A collection device holder is designed to hold a plurality of blood collection tubes. The holder includes a support member and a plurality of holding portions. Each of the plurality of holding portions is configured to hold a blood collection tube with respect to the support member such that inlets of the plurality of blood collection tubes are arranged in a predetermined pattern with respect to one another. In a preferred aspect, the predetermined pattern corresponds to a predetermined pattern of a plurality of spaced sharpened tips of a lancet device.

Description

    BACKGROUND OF THE INVENTION
  • Taking small blood samples from conventional lancet or needle pricks is well known both to the patent art and daily life. The use of personal, handheld glucose meters is the most common example from daily life. Many companies, including large diagnostic companies like Abbott and Bayer, market handheld glucose meters that rely on conventional finger prick blood samples to render presumptively accurate glucose readings. The convenience of these devices is an essential utility for the quality of life of millions of Americans who suffer from diabetes.

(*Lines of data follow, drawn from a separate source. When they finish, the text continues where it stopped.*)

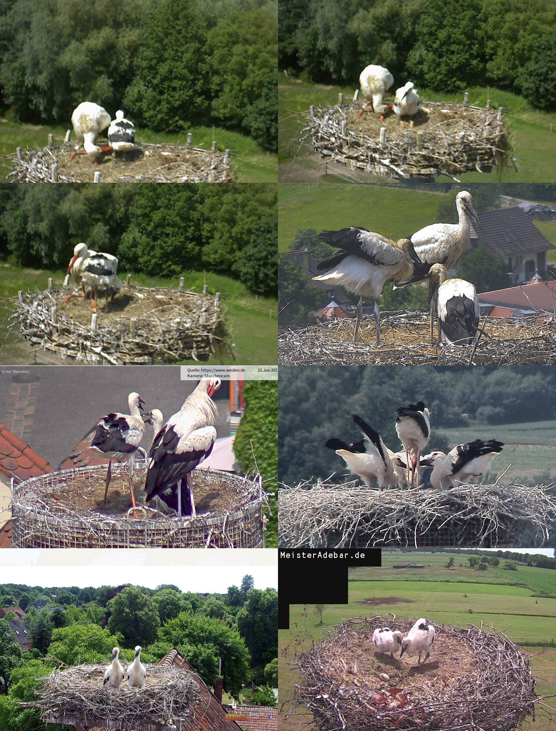 25. Das Otterwischer Störchlein hat ein Geschwisterchen aus Loburg bekommen 🙂 – Bitte aufstellen zum Foto, Ihr Störchlein in Dänemark, Vacha, Bad Waldsee und Gögglingen! 🙂 – Endlich geht die Cam in Ungarn wieder; wow, sind die schwarz geworden! 🙂 . In Polen sind sie noch nicht so weit:
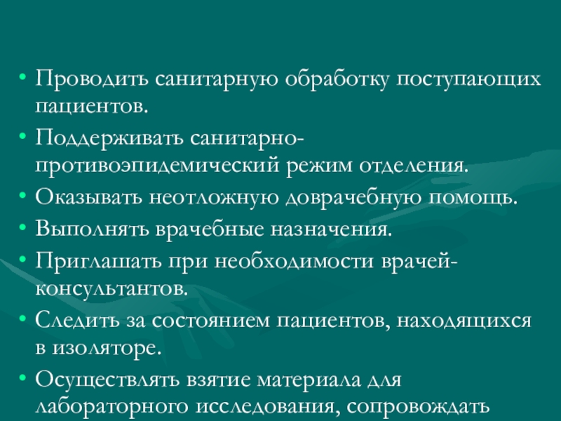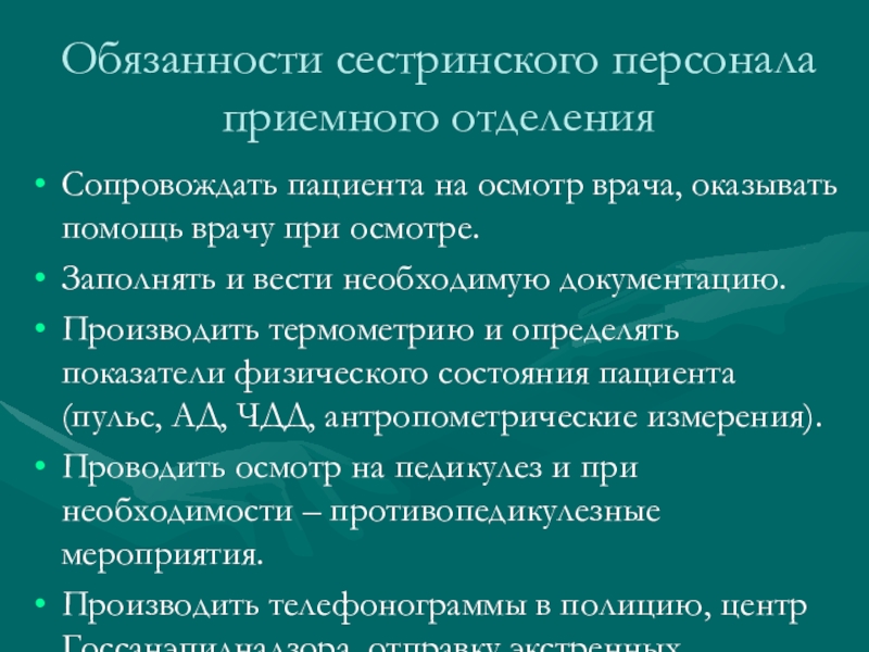 Слайд 15Обязанности сестринского персонала приемного отделения
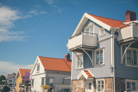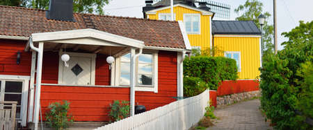 Charming Swedish houses along Stockholm fjord coast. Idyllic Nordic summer travel destination, perfect for vacation, relaxation, and exploring Scandinavian lifestyle
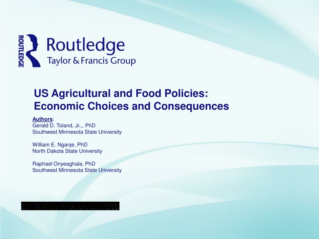 US Agricultural and Food Policies: Economic Choices and Consequences Authors: Gerald D. Toland, Jr.,, PhD Southwest Minnesota State University William E. Nganje, PhD North Dakota State University Raphael Onyeaghala, PhD Southwest Minnesota State University
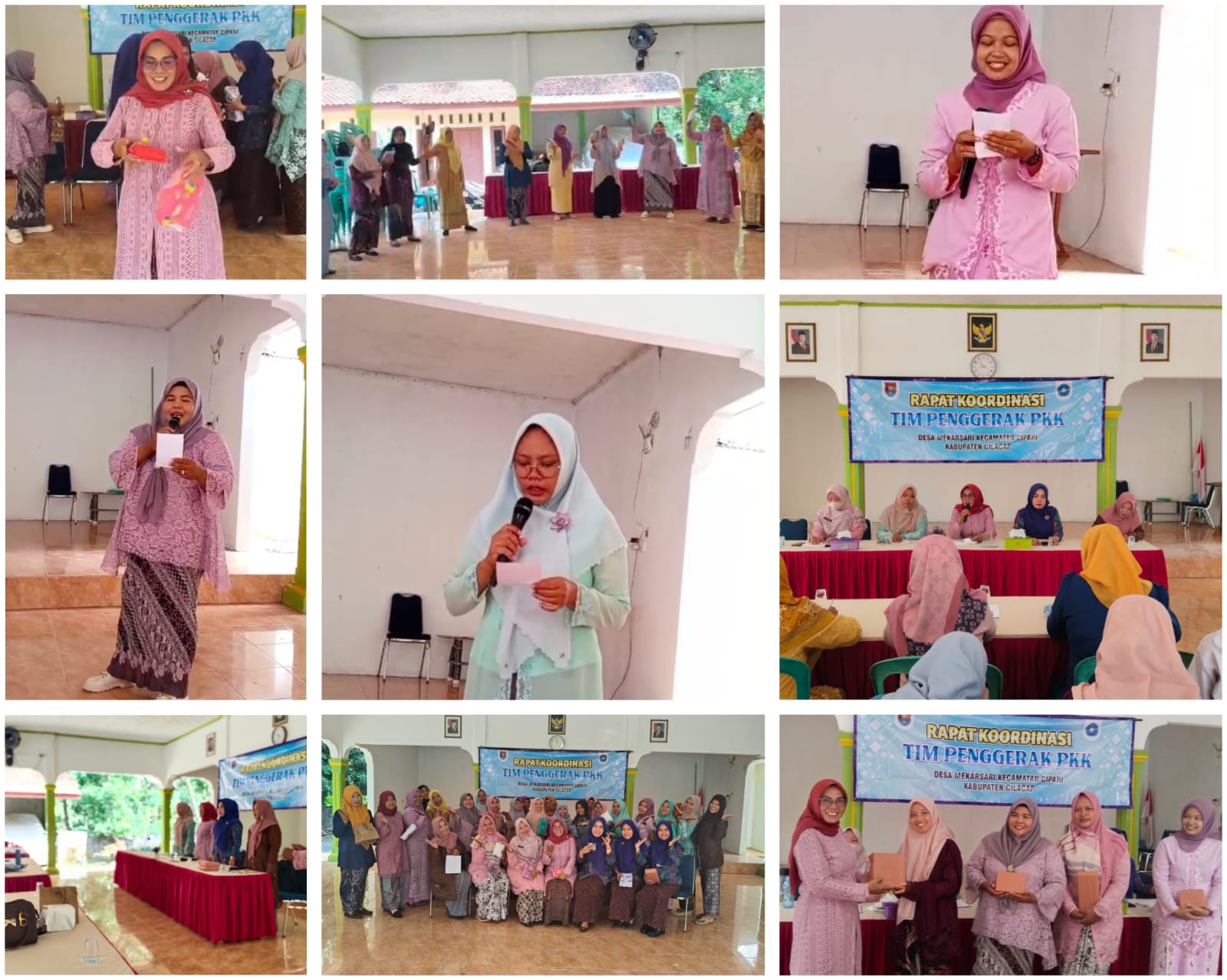 Kegiatan diawali dengan rapat koordinasi yang membahas berbagai program kerja PKK ke depan, evaluasi kegiatan sebelumnya, serta upaya peningkatan peran aktif kader dalam pemberdayaan keluarga dan masyarakat desa. Diskusi berlangsung interaktif dengan berbagai masukan konstruktif dari para anggota yang hadir.
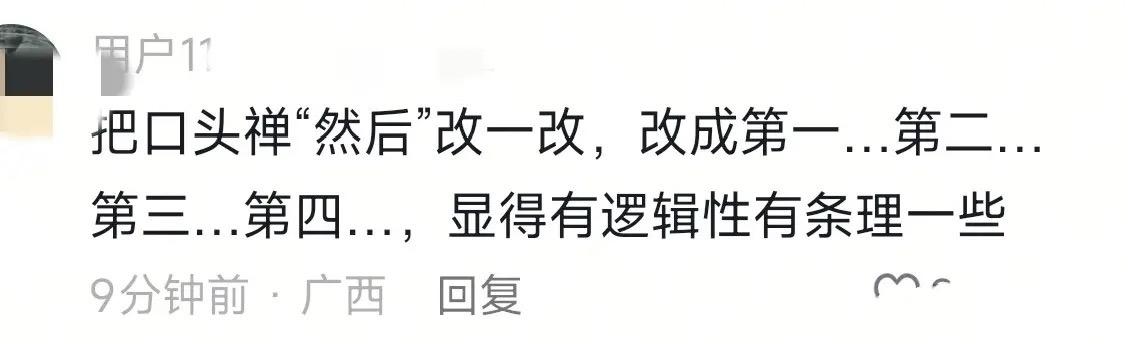 也有網友提供了一個更有效的方式,就是把口頭禪“然後”改成第一、第二、第三,這樣就會顯得更有邏輯性、也更有條理性了。

  • Seemingly like all electronic devices, there is a pronounced trend towards smaller, more powerful devices requiring smaller volumes of blood. Advances in the microfluidic handling of blood samples as well as analysis methods (be it reagent based chemistries, spectroscopy and the like) have brought us to the cusp of an age where blood analyzers relying on small blood samples can perform many valuable tests.
  • For example, the EPOC® system marketed by Alere is a handheld point of care blood analysis tool that can test for nine analytes (pH, pCO2, pO2, Na+, K+, Ca++, Glu, Hct, Lac) using one test card and a single blood sample (92 μL). The sample may be drawn from capillary source (i.e. a finger prick). While the EPOC® system is directed to use in care settings (see e.g. http://www.accessdata.fda.gov/cdrh_docs/reviews/K092849.pdf), one can imagine the transitioning of the EPOC® system or a future, related product embodiment for home use.
  • Theranos (www.theranos.com) claims to be launching a system that will employ “tiny finger stick or collect a micro-sample from a venous draw.” Theranos does not specify the collection sample, but it appears from the blood sample diagram on the Theranos website (http://www.theranos.com/our-technology) that their sample is approximately 0.18 ml (nota bene, this is merely a visual estimate from the website; the inventors cannot identify a specific volume on the Theranos website. Accordingly the inventors do not know the actual target sample size for this system).
  • Now, the Theranos system is initially to be deployed in Walgreens with trained phlebotomists to oversee sample collection. Now this begs a number of questions: can a phlebotomist reliably obtain an 0.18 ml sample (or larger) from a finger prick? Could a patient reliably obtain an 0.18 ml sample (or larger) from him or herself in a home setting? How about a larger sample for additional tests?
  • It seems there is real question as to the ability to reliably obtain such larger sample sizes from a fingerprick. Theranos suggests that their sample could be collected by fingerprick or traditional venous draw: “our certified phlebotomists can use a tiny finger stick or a micro-sample from a venous draw.”
    • SUMMARY OF THE INVENTION
  • One aspect of the present invention relates to a collection device holder for a plurality of blood collection tubes, the holder comprising a support member and a plurality of holding portions, each of the plurality of holding portions being configured to hold a blood collection tube with respect to the support member such that inlets of the plurality of blood collection tubes are arranged in a predetermined pattern with respect to one another.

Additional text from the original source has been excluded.